Monday, July 4, 2011

Infidelity Keeps Us Together

That’s the title of yesterday’s cover story in the New York Times magazine. Mark Oppenheimer writes about sex columnist Dan Savage and Savage’s suggestion that marriages need less fidelity and more flexibility. Basically what Savage is suggesting is that monogamy isn’t quite natural and that we do relationships a disservice by pretending or insisting that absolute monogamy be the standard.

What’s good is that Savage is not espousing secrets or affairs or running around—rather he’s advocating for talking to your partner before, after, and during marriage to say, “This is who I really am; what I really want; and “Will you still love me if I need to try this out?” In a way, he’s talking about a very high form of commitment.

But just the title and then reading the article was disturbing. (Click on the link below to read the article). Right away I found myself asking, “What if John said he needed something –some kind of sexual experience—I couldn’t offer or even try?” Would I love him enough to say, “Ok, go be you?”

I doubt it.

In the article other experts on sex and marriage weigh in to say that some open marriages work but most do not—not because of the sex but because of the emotions and the dishonesty—again, not the dishonesty of the partner who needs to go outside the relationship but the dishonesty of the partner who agrees or acquiesces and then realizes they really are not OK with that.

But then the bigger and more personal question to myself is this: Do I have the right to want and insist on monogamy and fidelity in our marriage?
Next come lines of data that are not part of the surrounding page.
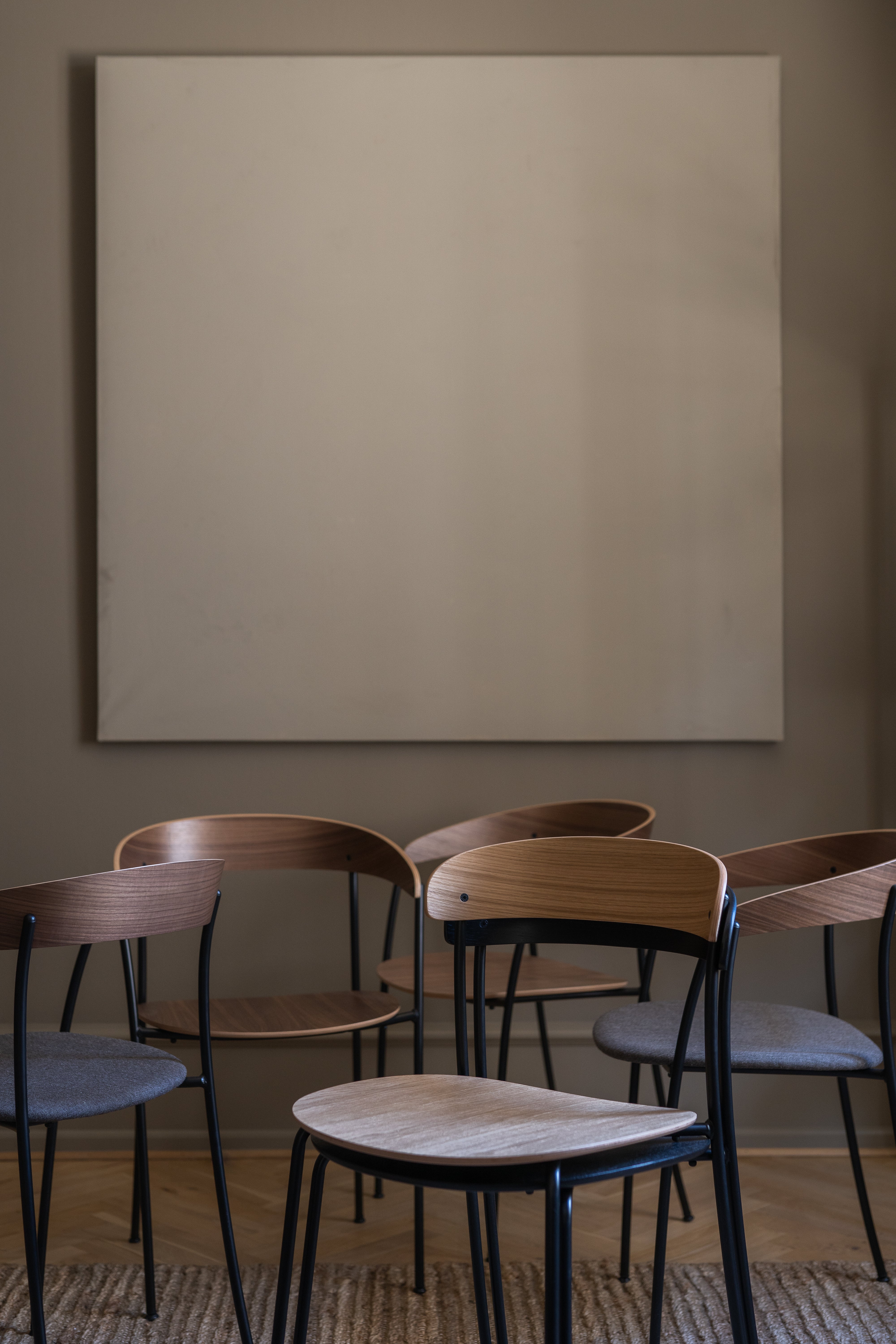 Stuhl Das Fehlen ist eine minimalistische Interpretation einer klassischen Form, die die visuelle Leichtigkeit mit solider Leistung kombiniert. Seine zarten Linien und ein schlanker Stahlrahmen verleihen ihm einen subtilen, fast zeichnischen Charakter und gewährleisten die Haltbarkeit und Stabilität.
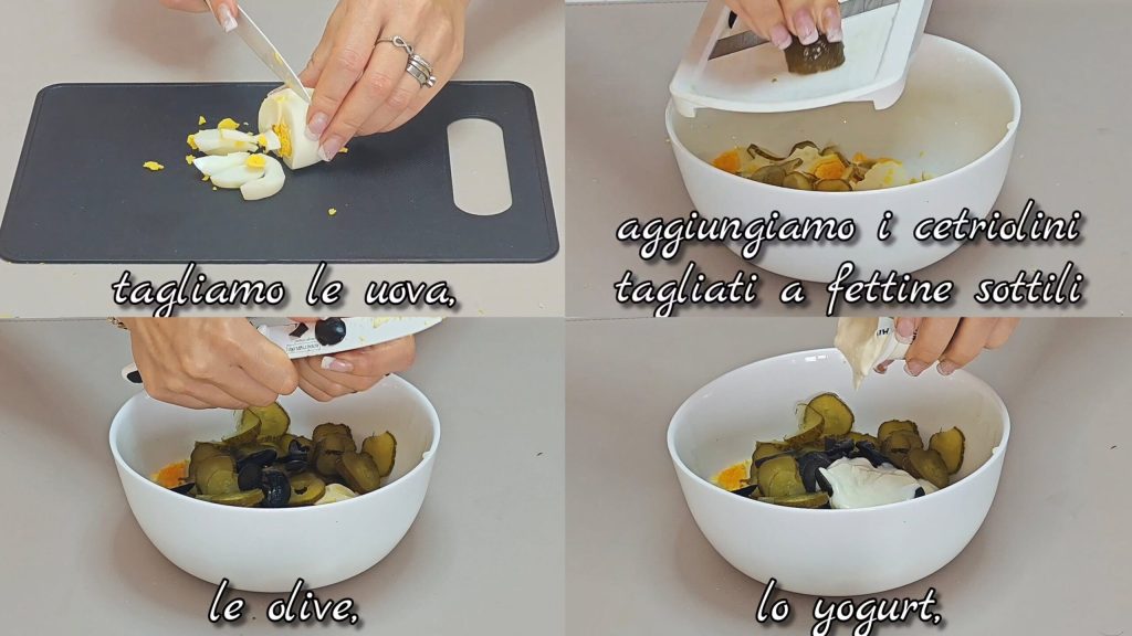 • Primeiro, cortamos os ovos cozidos. Adicionamos os picles cortados em fatias bem finas, as azeitonas e o iogurte.
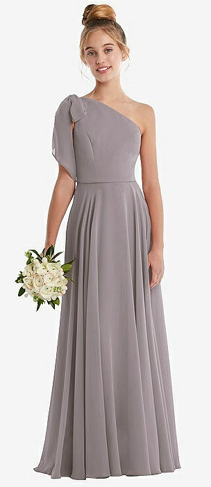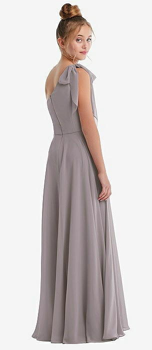One-Shoulder Scarf Bow Chiffon Junior Bridesmaid Dress in cashmere gray
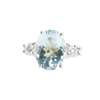 claw set with an oval mixed cut aquamarine, flanked to either side by a round-brilliant cut diamond, to a plain 18ct white gold shank
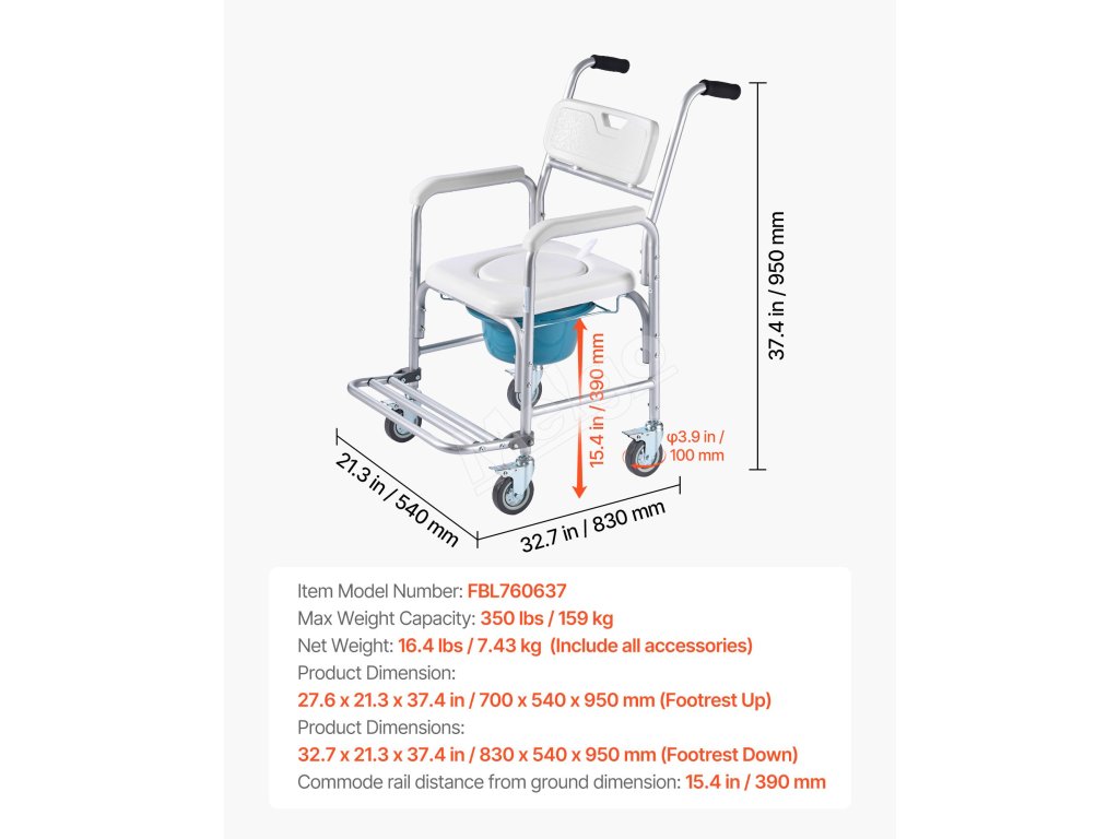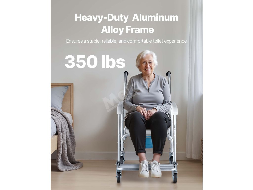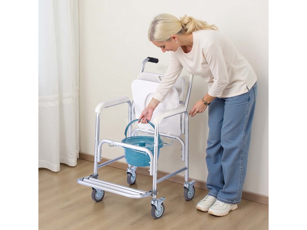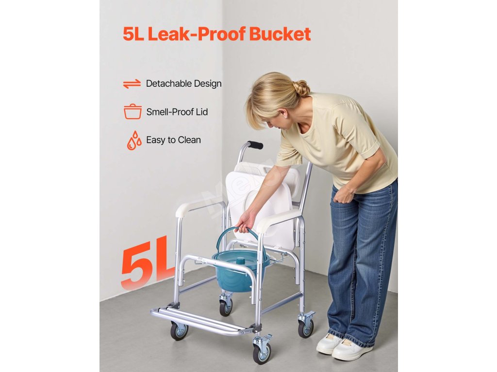 Toaletná stolička na kolieskach 159 kg, 4 v 1, odnímateľné 5L vedro
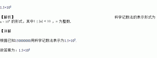 太阳与地球的平均距离大约是150 000 000千米,数据150 000 000用科学记数法表示为 _______.
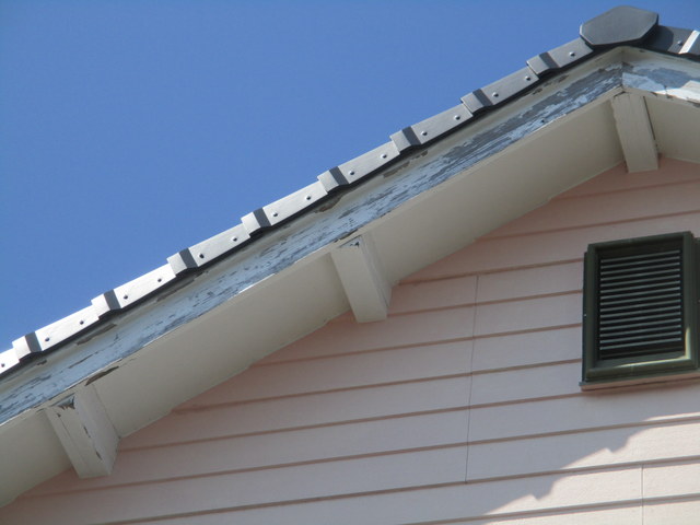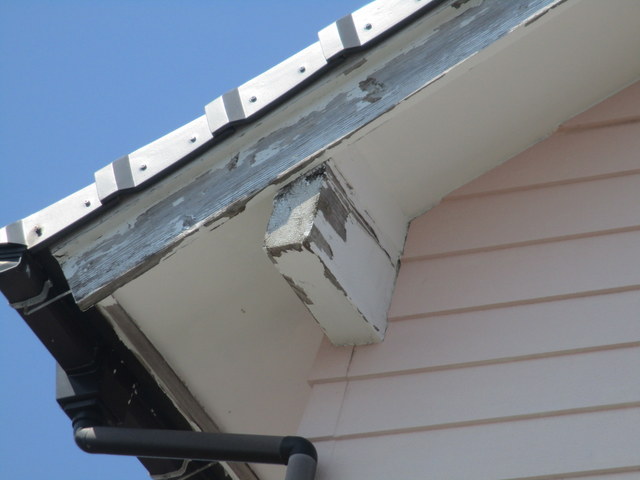 今回、破風板(斜めに付いている木板)劣化のため、塗装ではなく板金を張って保護する工事を行いました。
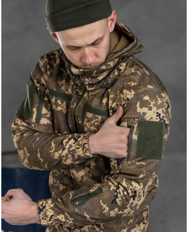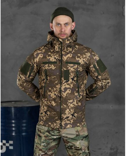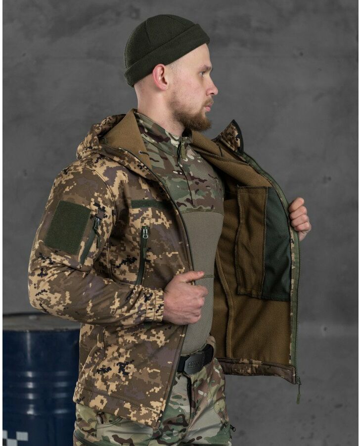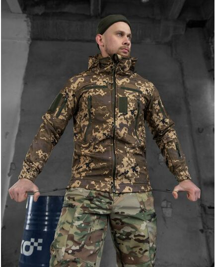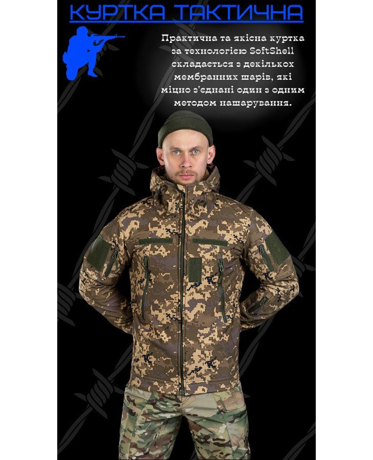 Практичная и качественная куртка по технологии SoftShell состоит из нескольких мембранных слоёв, которые прочно соединены друг с другом методом наслаивания. Внешний слой (для защиты от ветра и непогоды), состоит из прочной, водоотталкивающей и устойчивой к нагрузкам ткани. Внутренний слой имеет воздух и паропроницаемые свойства.Soft Shell - это ветрозащита, высокая паропроницаемость ткани,теплоизоляционные свойства, малый вес. Где бы Вы не находились, чем бы Вы не занимались – главная задача этой куртки – обеспечить телу максимальный комфорт при любых условиях
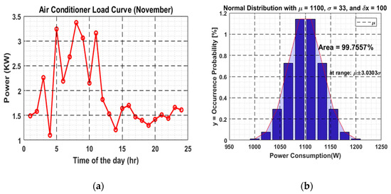 (a) Air conditioner load profile (November); (b) Distribution data with standard deviation of 33.

This is a marriage that came to be from infidelity—so did I forfeit my rights by marrying a man who left his wife? Or do we painfully know just how high the cost is and not wish that on ourselves or on any others?

Reading this article provoked a deep and daring conversation with John about our love life and our sex life and our intellectual lives—and how we keep all of those alive so we can keep things fresh and exciting. And what it means to be sexually “good, giving and game” in a monogamous marriage.